Understanding What’s Under the Hood

IEEE has a variety of publications and services to help you learn about electric and hybrid vehicles.

9 September 2011

The IEEE Xplore digital library offers a host of magazines, journals, and conference proceedings that cover the topics. The library has more than 8800 articles on electric vehicles and over 3100 that cover hybrid vehicles. These are just some of the journals:

Available from IEEE Xplore or the IEEE eLearning Library:

Hybrid Electric Vehicles: Exploring the Electronic Continuously Variable Transmission (e-CVT)

This course focuses on the dynamics of electronic continuously variable transmissions and compound split systems, with examples of both, and on power variators.

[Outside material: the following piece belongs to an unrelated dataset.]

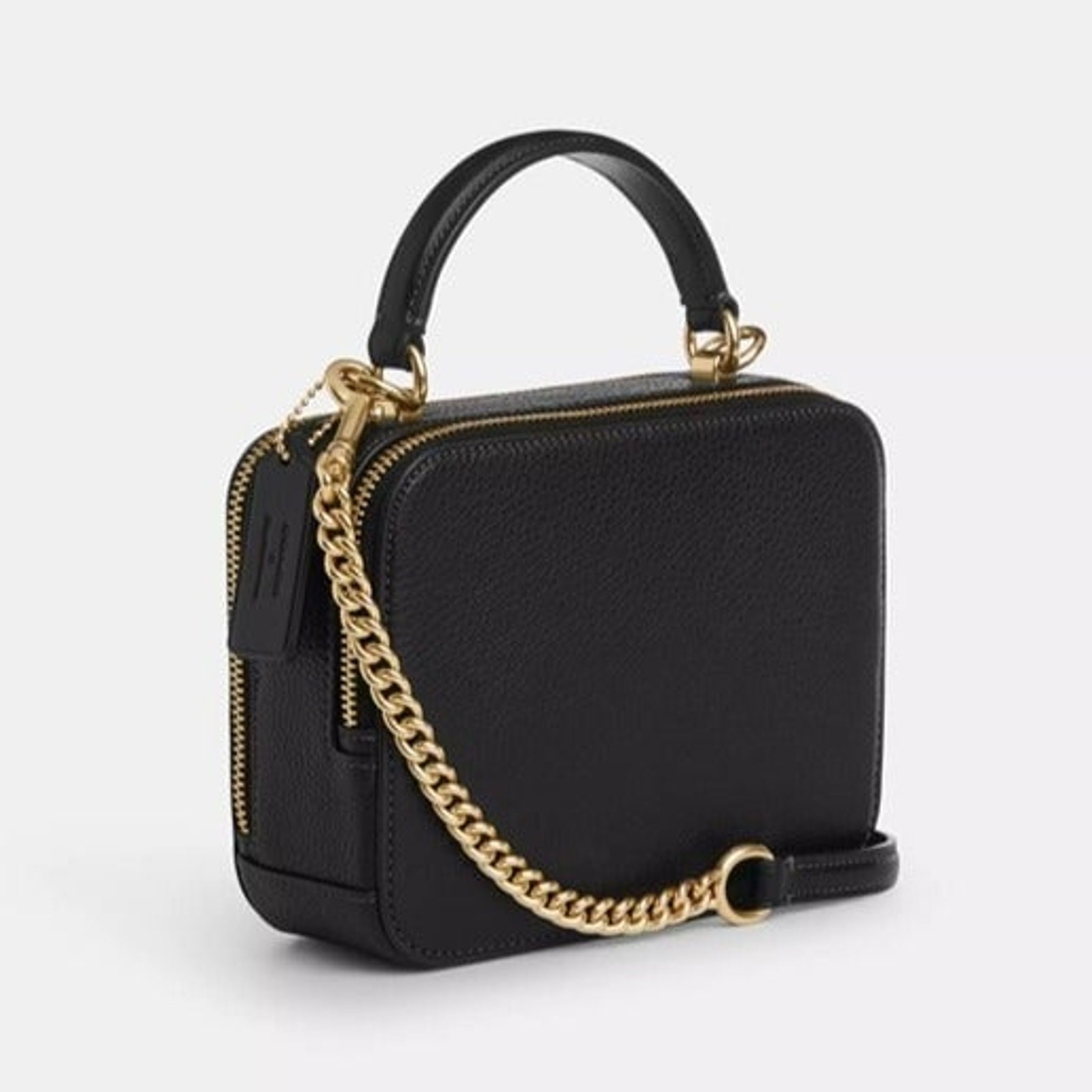 Gold/Black Multi Style Number CQ047 Measurements Length: 7.0" Height: 5.5" Width: 2.5" Materials Refined pebble leather and smooth leather Fabric lining Handle Top handle with .5" drop Strap Detachable strap with 22.5" drop for shoulder or crossbody wear Features Double zip closure Additional Details Coach x Tom Wesselmann © Estate of Tom Wesselmann. Licensed by Artestar, New York

It begins with a historical perspective of hybrids. The course then explains the fundamentals of the input split e-CVT and discusses the operation of transmissions of various car models. Energy storage systems and their cost are also covered.

IEEE.tv Videos
IEEE.tv offers a series of lectures by experts produced by the IEEE Vehicular Technology Society. The lectures include:

Dynamic Response of Electronic Structures to Shocks and Vibrations, and the Role of Predictive Modeling
By Ephraim Suhir; University of California, Santa Cruz

Suhir explains the principles of designing portable and vehicular electronics. He also covers the role played by modeling, the mathematical versus numerical linear response of electronic components, and the effects of vibration and impact. Furthermore, he discusses nonlinear response characterization, repetitive load effects, and shock protection of electronics.

Grounding for Hybrid Vehicles
By James Gover; Kettering University, Flint, Mich.

Hybrid and plug-in electric vehicles with systems supporting up to 500 volts and 500 amperes present new challenges for electrical and electronics system designers. They must understand the concept of robust grounding of the power electronics circuits and cabling to prevent electromagnetic interference with the vehicle’s control system. Gover explores such topics as magnetic and electrostatic shielding, transmission of noise through shielding, and single-point versus multipoint grounding of shields.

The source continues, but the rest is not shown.